Yes I think it should come under the same flexible working as childcare. It would even be better if we cut maternity to say 6 months and you got the other 6 months if you need it to look after a parent in old age.

Butterfly44 · 04/01/2023 23:08

Really really shocking. There's not enough resource to cope. Forget the 4hr wait targets. They've always been impossible to meet, now it's a joke. I don't know what the answer is. I despair at the situation

JenniferBooth · 04/01/2023 23:22

@Grumpybutfunny So when you say families should care you mean women

Youve just proved it.

ElephantInTheKitchen · 05/01/2023 00:26

FangedFrisbee · 04/01/2023 16:45

Well we'd have somewhere to put all the a&e admissions and the people who are borderline but we send home because of lack of beds. We'd be able to do planned surgery because there would be beds, therefore less on the waiting lists, better quality of life and more inclined to take care of themselves because they're not in pain etc

Because of the leeway in a&e we'd be able to take more into the department and the ambulances could go back out and treat more patients

It would make a massive difference

This was how I imagined it would pan out, but I'm not an HCP.

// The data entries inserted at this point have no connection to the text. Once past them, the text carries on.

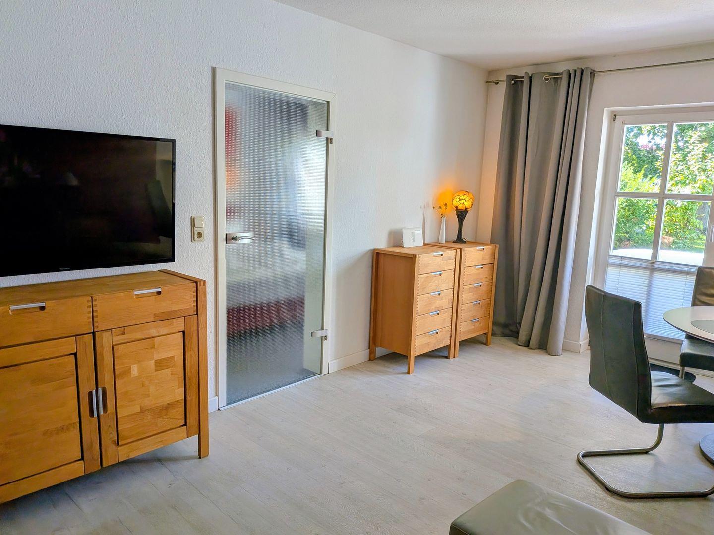 Im Wohnbereich sorgen ein bequemes Sofa sowie ein Satelliten-TV für entspannte Stunden. Internetzugang via WLAN steht zur Verfügung, sodass Sie auch im Urlaub mit der digitalen Welt verbunden bleiben können. Der Schlafbereich ist funktional und gleichzeitig gemütlich eingerichtet und bietet mit Fenster, Kommode, Spiegel und Sichtschutz an allen Fenstern Privatsphäre und Komfort.
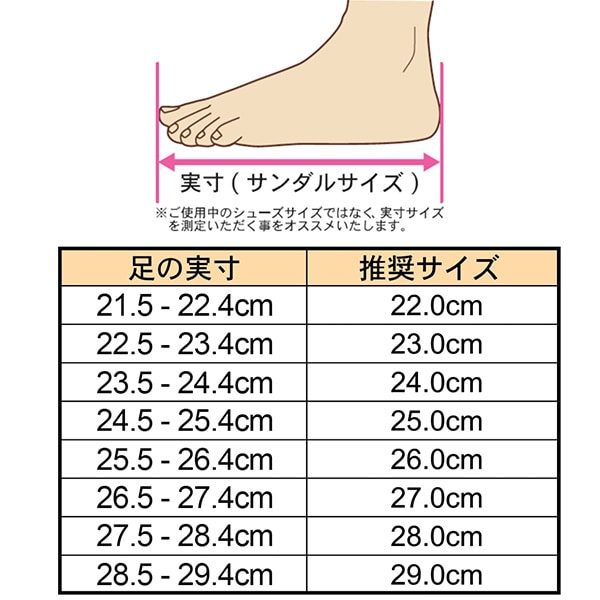 ※サンダルはシューズサイズではなく、足の実寸サイズでお選びいただくことをおすすめします。
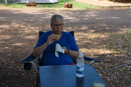 Jürg ist gespannt auf meine Erzählungen und ich schwärme ihm vor wie ruhig und schön der Flug war. Sein leicht skeptisches Gesicht zeigt, dass er nicht wirklich böse ist, dass er nicht mit musste. Zum Abendessen gibts Resten. Teigwaren mit Käse und Ketschup. Als es eindunkelt, löschen wir alle Lampen, denn die Millionen von Viecher, die wir sonst damit anziehen, sind widerlich. Auch im Camper krabbelt es. Nichts gefährliches aber kleine Fliegen nerven ebenfalls. Draussen ist es wie in einem Backofen und wir sind uns einig, dass die Tropen nie zu unseren Lieblingsgebieten werden. Ich versuche es mit einer kühlen Dusche. Doch selbst das Wasser ist nicht mehr kühl und kaum bin ich draussen, bin ich wieder genau so nass wie vorher. Wuäh!
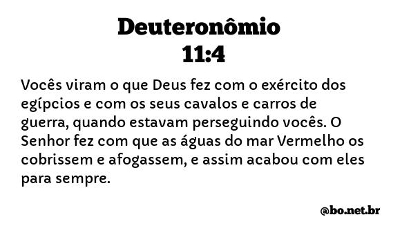 Vocês viram o que Deus fez com o exército dos egípcios e com os seus cavalos e carros de guerra, quando estavam perseguindo vocês. O SENHOR fez com que as águas do mar Vermelho os cobrissem e afogassem, e assim acabou com eles para sempre. (Deuteronômio 11:4 NTLH)
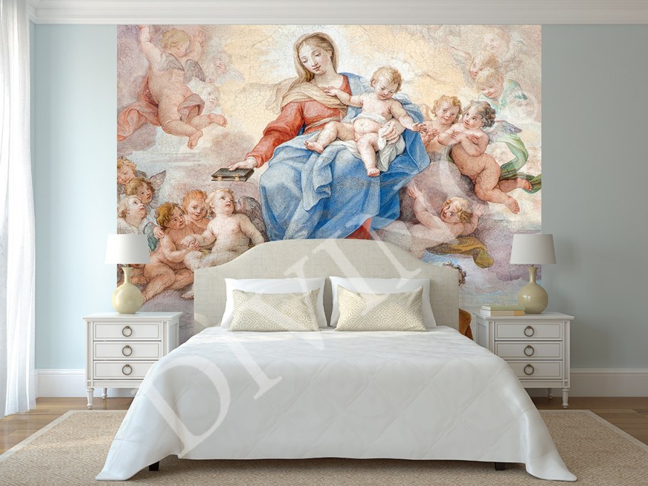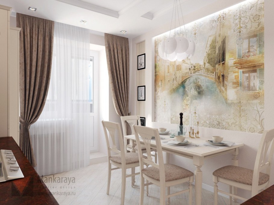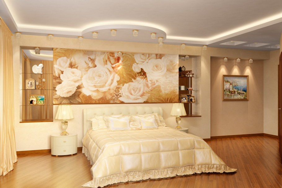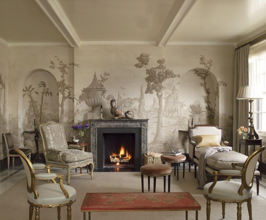 Фрески в интерьере гостиной в бежевых тонах (80 фото)
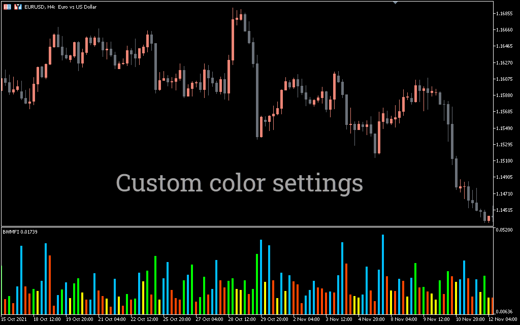 The MFI indicator was developed by Bill William and is used to determine the reversal and strength of a trend in the market. The indicator has a histogram of different colors, and each color corresponds to a specific scenario. However, the pink bar is the most important bar as it shows a potential trend reversal.

It's probably fair to say that social care is broken and that, in turn, is breaking the NHS.

Two years ago we essentially found ourselves in a situation where we couldn't get in adequate home care for an elderly relative, despite being self funders and essentially able to throw money at the problem. The home care agency we were using ended up closing down altogether as they literally couldn't get the staff.

As ever the NHS is a victim of its own success; in 1948, few lived long enough to need long term social care. We've become slightly too good at keeping people alive but no longer able to fend for themselves on a day to day basis.